**EXERCISE BRIEF:** Within the listing below, give again exactly the lines between the one containing "proximity to Ethereum." and the one containing "750,00 USD |", inclusive, pictures left aside.

**DATA EXCERPTS:**
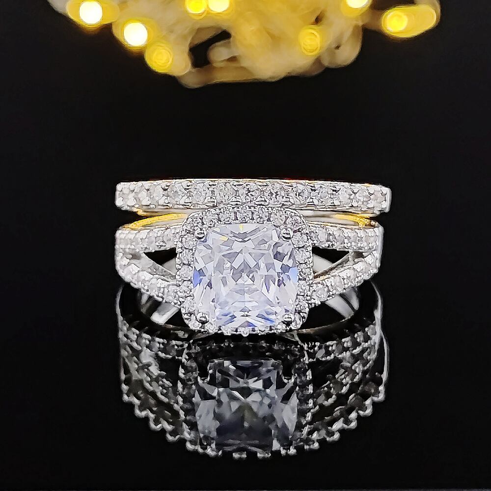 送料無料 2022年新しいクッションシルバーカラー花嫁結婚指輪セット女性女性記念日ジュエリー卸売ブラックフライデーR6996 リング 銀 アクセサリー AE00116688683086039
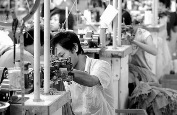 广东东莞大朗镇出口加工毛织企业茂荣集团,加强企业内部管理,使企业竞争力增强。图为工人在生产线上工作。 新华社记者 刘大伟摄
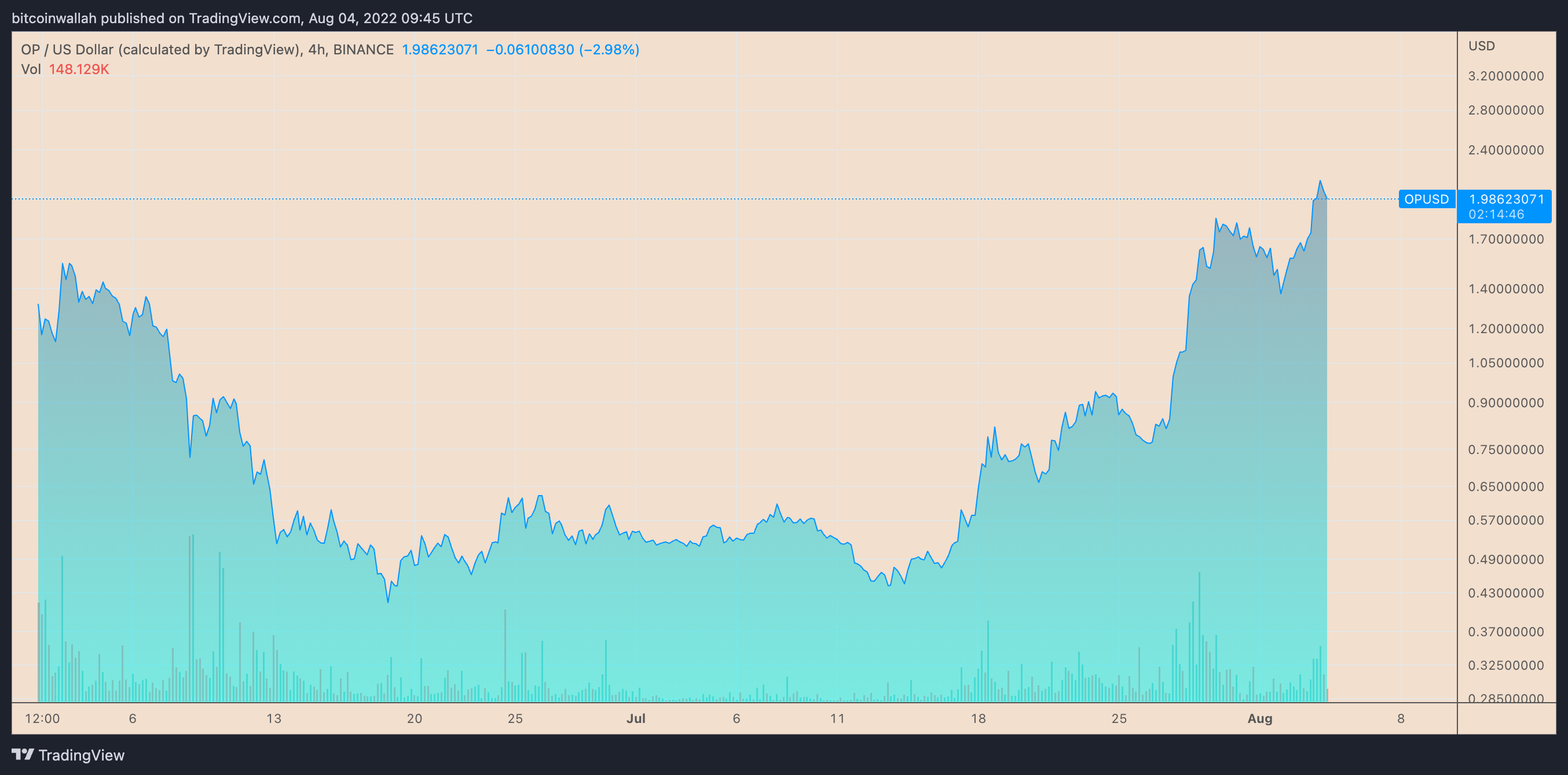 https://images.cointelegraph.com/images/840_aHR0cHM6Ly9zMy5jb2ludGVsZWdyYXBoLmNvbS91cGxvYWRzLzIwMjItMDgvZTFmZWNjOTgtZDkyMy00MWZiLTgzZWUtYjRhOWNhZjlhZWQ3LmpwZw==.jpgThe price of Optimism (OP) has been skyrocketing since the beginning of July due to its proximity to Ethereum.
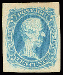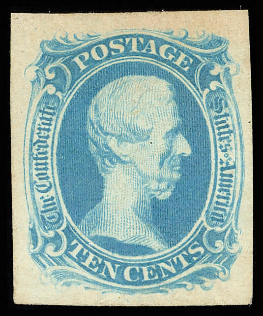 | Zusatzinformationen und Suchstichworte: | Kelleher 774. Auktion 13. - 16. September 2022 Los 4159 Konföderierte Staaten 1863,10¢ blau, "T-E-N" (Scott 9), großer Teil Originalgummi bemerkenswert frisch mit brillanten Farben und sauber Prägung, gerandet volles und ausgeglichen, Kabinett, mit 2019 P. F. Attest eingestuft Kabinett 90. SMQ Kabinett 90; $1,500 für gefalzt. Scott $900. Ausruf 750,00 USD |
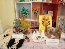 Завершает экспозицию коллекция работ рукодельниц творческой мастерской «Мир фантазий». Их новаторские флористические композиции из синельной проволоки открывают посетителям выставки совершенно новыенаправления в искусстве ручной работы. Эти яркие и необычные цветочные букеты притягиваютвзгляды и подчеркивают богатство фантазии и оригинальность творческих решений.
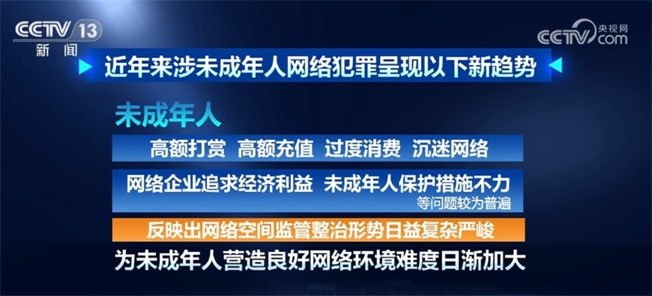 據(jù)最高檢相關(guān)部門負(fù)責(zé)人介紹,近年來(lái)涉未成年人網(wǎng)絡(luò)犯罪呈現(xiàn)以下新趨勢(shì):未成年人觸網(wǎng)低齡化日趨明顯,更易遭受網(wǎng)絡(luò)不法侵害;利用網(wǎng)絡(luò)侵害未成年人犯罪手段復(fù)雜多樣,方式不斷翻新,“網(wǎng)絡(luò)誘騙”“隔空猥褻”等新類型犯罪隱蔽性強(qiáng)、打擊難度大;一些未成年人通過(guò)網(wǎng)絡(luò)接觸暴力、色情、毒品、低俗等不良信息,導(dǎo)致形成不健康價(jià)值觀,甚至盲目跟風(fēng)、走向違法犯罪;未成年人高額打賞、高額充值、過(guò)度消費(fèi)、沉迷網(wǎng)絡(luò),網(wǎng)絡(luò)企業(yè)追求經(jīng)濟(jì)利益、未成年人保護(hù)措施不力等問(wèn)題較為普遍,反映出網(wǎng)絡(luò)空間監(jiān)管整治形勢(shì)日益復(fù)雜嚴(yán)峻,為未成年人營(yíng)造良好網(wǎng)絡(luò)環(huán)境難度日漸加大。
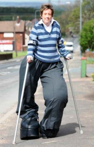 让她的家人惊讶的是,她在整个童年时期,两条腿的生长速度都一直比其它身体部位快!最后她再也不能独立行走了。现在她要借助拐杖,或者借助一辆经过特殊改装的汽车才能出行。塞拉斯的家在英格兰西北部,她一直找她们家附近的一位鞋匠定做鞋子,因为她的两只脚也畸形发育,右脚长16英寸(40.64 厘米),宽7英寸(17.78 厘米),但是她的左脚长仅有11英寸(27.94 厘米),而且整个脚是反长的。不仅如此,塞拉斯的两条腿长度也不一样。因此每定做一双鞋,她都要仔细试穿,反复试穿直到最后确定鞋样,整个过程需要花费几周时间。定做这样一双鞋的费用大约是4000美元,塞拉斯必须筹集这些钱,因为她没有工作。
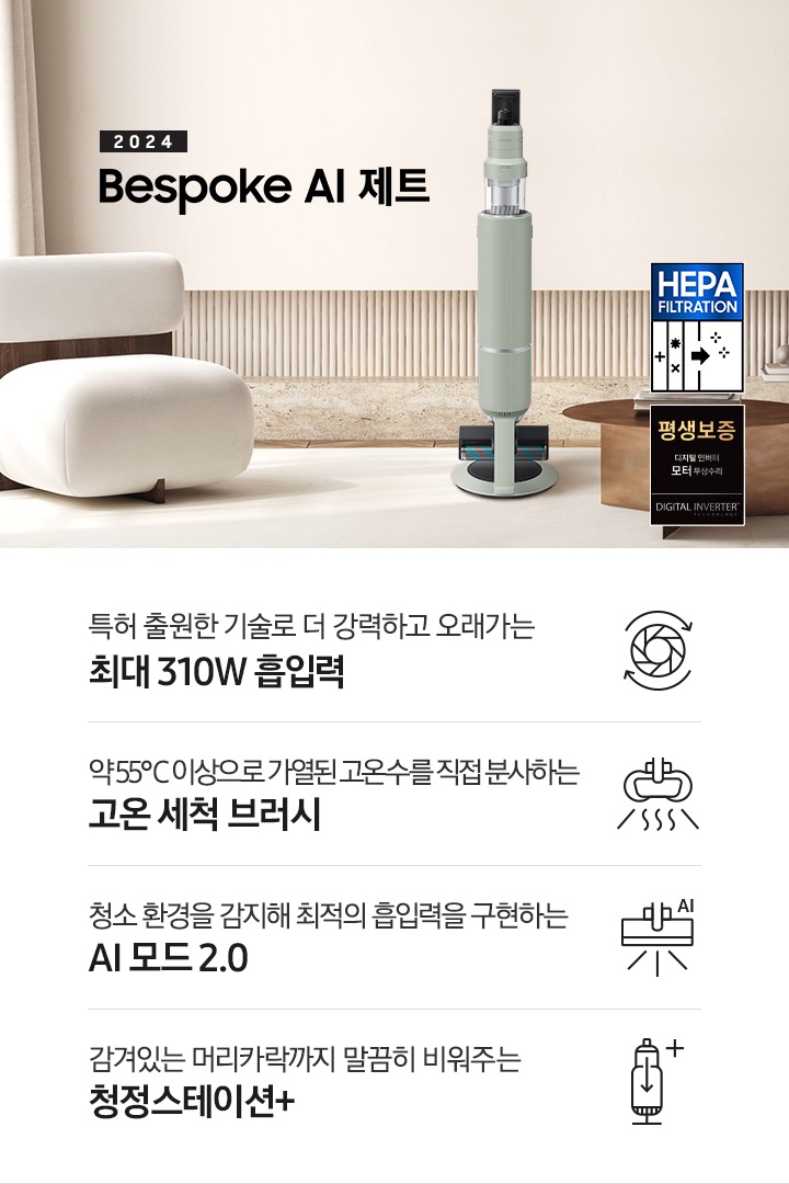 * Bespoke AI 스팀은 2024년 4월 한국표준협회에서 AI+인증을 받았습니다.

**EXERCISE RESULT:**
 https://images.cointelegraph.com/images/840_aHR0cHM6Ly9zMy5jb2ludGVsZWdyYXBoLmNvbS91cGxvYWRzLzIwMjItMDgvZTFmZWNjOTgtZDkyMy00MWZiLTgzZWUtYjRhOWNhZjlhZWQ3LmpwZw==.jpgThe price of Optimism (OP) has been skyrocketing since the beginning of July due to its proximity to Ethereum.
 | Zusatzinformationen und Suchstichworte: | Kelleher 774. Auktion 13. - 16. September 2022 Los 4159 Konföderierte Staaten 1863,10¢ blau, "T-E-N" (Scott 9), großer Teil Originalgummi bemerkenswert frisch mit brillanten Farben und sauber Prägung, gerandet volles und ausgeglichen, Kabinett, mit 2019 P. F. Attest eingestuft Kabinett 90. SMQ Kabinett 90; $1,500 für gefalzt. Scott $900. Ausruf 750,00 USD |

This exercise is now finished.